After a major wave of democratization over the last decade, the stalemate in Turkey’s reform process and the rising concerns about ‘creeping authoritarianism’ under the ruling AKP government attracted the attention of many scholars. How could Turkey manage to achieve substantial progress in democratization over the last ten years and why has the current government lost its reformist spirit? This article seeks to answer these questions by developing a multi-dimensional, holistic approach that tries to integrate structures and actors, domestic and external forces, rather than single-mindedly focusing on certain aspects whilst downplaying other crucial elements.

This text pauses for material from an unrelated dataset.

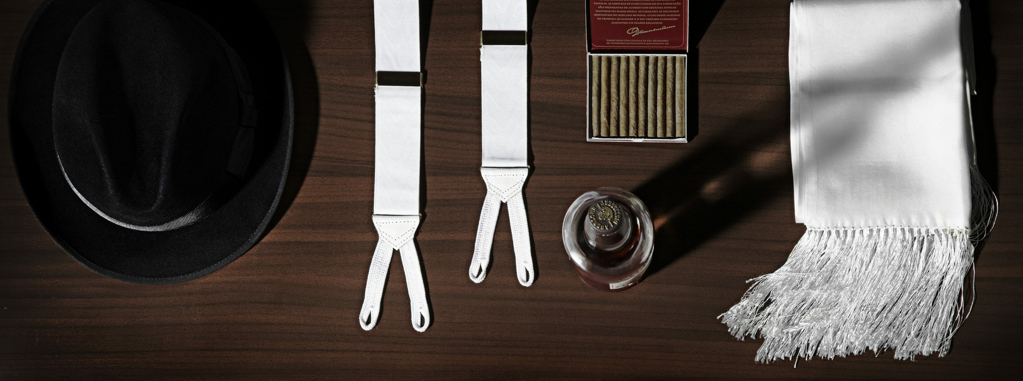 Szelki James’a Bond’a użyte w Casino Royale. Biały jewabdny szalik do opery, whisky, czarny kapelusz
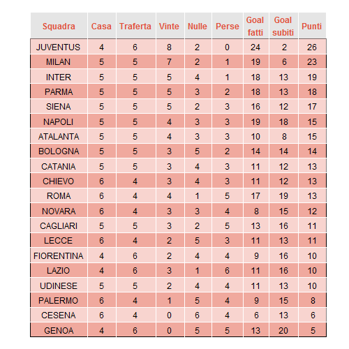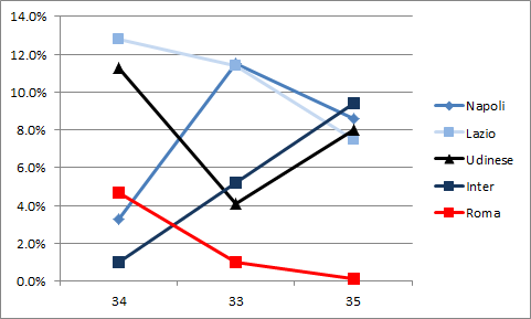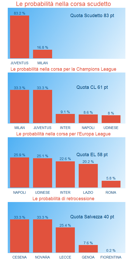 Con la Juve ormai avviata alla vittoria dello scudetto e con una corsa per la salvezza che ormai si riduce a sole due squadre, Lecce e Genoa, con una quota salvezza crollata nel giro di una settimana da 42 a 40 punti rimane apertissima la corsa per l terzo posto valido per la Champions League. La quota per raggiungerlo si e’ ulteriormente abbassata a 61 punti a causa dell’andamento a singhiozzo delle 5 contendenti: Napoli, Inter, Udinese, Lazio e Roma. Le prime 3 sono praticamente appaiate come probabilità, mentre la Lazio, per lungo tempo la favorita sembra cedere di schianto, cosi’ come la Roma.

Sharing Power Turkey s Democratization Challenge in the Age of
Recep Tayyip Erdoğan, The Prime Minister of Turkey. AA / Nail Kadirhan
 

From the perspective of comparative democratization studies Turkey constitutes an unusual case. It is an example of a “second wave” democracy. The transition from the single party, soft-authoritarian regime of the inter-war period was accomplished several decades ago in the 1950s.  Yet, in spite of major reform experiments, notably during the course of the early part of the past decade, democracy remains far from being consolidated. Indeed, international comparisons such as data based on Freedom House Surveys tend to classify Turkey as a “hybrid regime,” whose standing is significantly low compared to many third wave democracies in Latin America, Eastern Europe, and elsewhere.1 In retrospect, Turkey has succeeded in terms of establishing “electoral” or “procedural” democracy, but has failed in terms of generating “substantive” democracy based on a genuinely pluralistic political order. Turkish society and politics remains deeply divided and there are increasing concerns voiced by liberal intellectuals both at home and abroad about the endurance of authoritarian elements in the Turkish political system, going even as far suggesting that the differences between Erdoğan’s Turkey and Putin’s Russia may not be as clear-cut as they may have appeared only a few years ago.